Difficulties the researchers had can be attributed to the extent of their familiarity with the technology used in the research and with the WWW in general. For the Internet research, some members found it quite easy to "get lost" after researching numerous sites, and (in spite of aids such as "back", "history", "bookmarks" and "favorites") were not always able to retrace their steps to sites of interest.

Compatibility and familiarity regarding software also was an issue resulting in a stumbling start with computer communications among the researchers. Decisions were made regarding "explorer" vs "netscape" and "word" vs "WordPerfect", as well as retraining and training in the use of the chosen software. Technical knowledge, software compatibility and hardware limitations were also an issue when attempting to download articles and files from some sites.
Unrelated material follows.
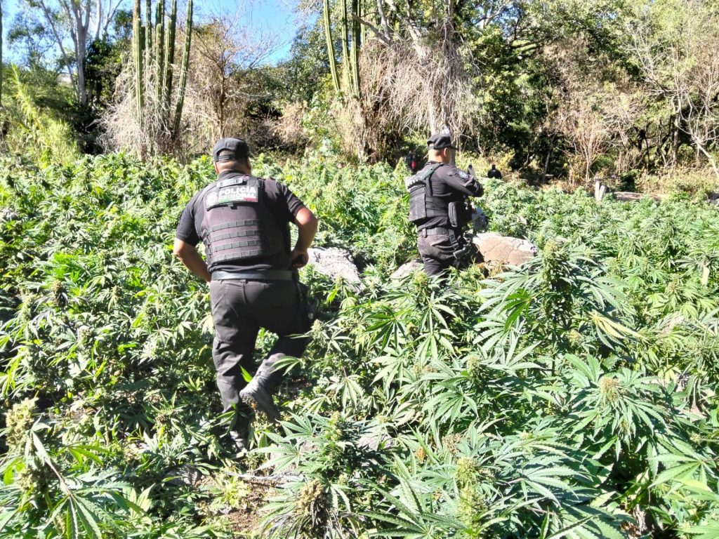 Elementos de la Policía Regional de Jalisco, en coordinación con personal de DEFENSA, localizaron y destruyeron cerca de 100 mil plantas de aparente marihuana en distintos puntos del municipio de Tequila, en la Región Valles del estado.

Our research, of the technologies used by distance education and an analysis of the human factors required for participation, is mainly qualitative in nature. Quantitative data used is from other researchers and used within the context of illustrating the social barriers and opportunities identified. The structure of the our research findings identifies the technologies used by distance education in the library literature and Internet sources; and comments on the requirements needed for people to participate. Participatory variables are discussed noting the opportunities and barriers the technology presents for people wanting to earn post-secondary credits towards diplomas and degrees. When relevant, comparisons with traditional correspondence courses are made. A summary discussion will address social implications of computer technologies for distance education technology .

The Findings

Many institutions still offer industrial era technology based distance education courses. Industrial era distance education has taken a number of technology forms to transfer knowledge over distance. Broadly speaking, they can be categorize by their media usages of audio, images, and text. Audio material has traditionally been offered via records, tapes and radio broadcasts. Images through pictures, graphics, film, video tape, and television. Textual material through print and mail delivery. However, distance education is currently going through a period of technological and social transition. The introduction of computer technologies are creating additional learning options for distance learners, and institutions appear to be adopting the new technologies at different paces.

For example, the University of Waterloo, although they have a distance education web site, only mentions industrial age technologies in the description of its courses. Other institutions are beginning to categorize their course offerings by the technologies which are used in the delivery and not just by subject area. Mohawk College categorizes its distance education courses by the delivery technologies of print, video tape, audio cassette, television, audio graphics, and the Internet. This structure offers a range of options to the student from traditional industrial era delivery modes to CMC delivery modes. Other institutions which specialize in distance education, Athabasca University and OLA (On-line Australia), are becoming very pro-active in CMC/CBL course offerings.

In spite of the variety of delivery methods now available Statistics Canada reported that, in 1993, 70% of distant learners in Canada learned through written materials and only, "One-fifth used other teaching methods that included new telecommunications technologies such as video-conferencing and the Internet."6 The 1993 data is probably conservative compared to present day, however it highlights the transition that is occurring.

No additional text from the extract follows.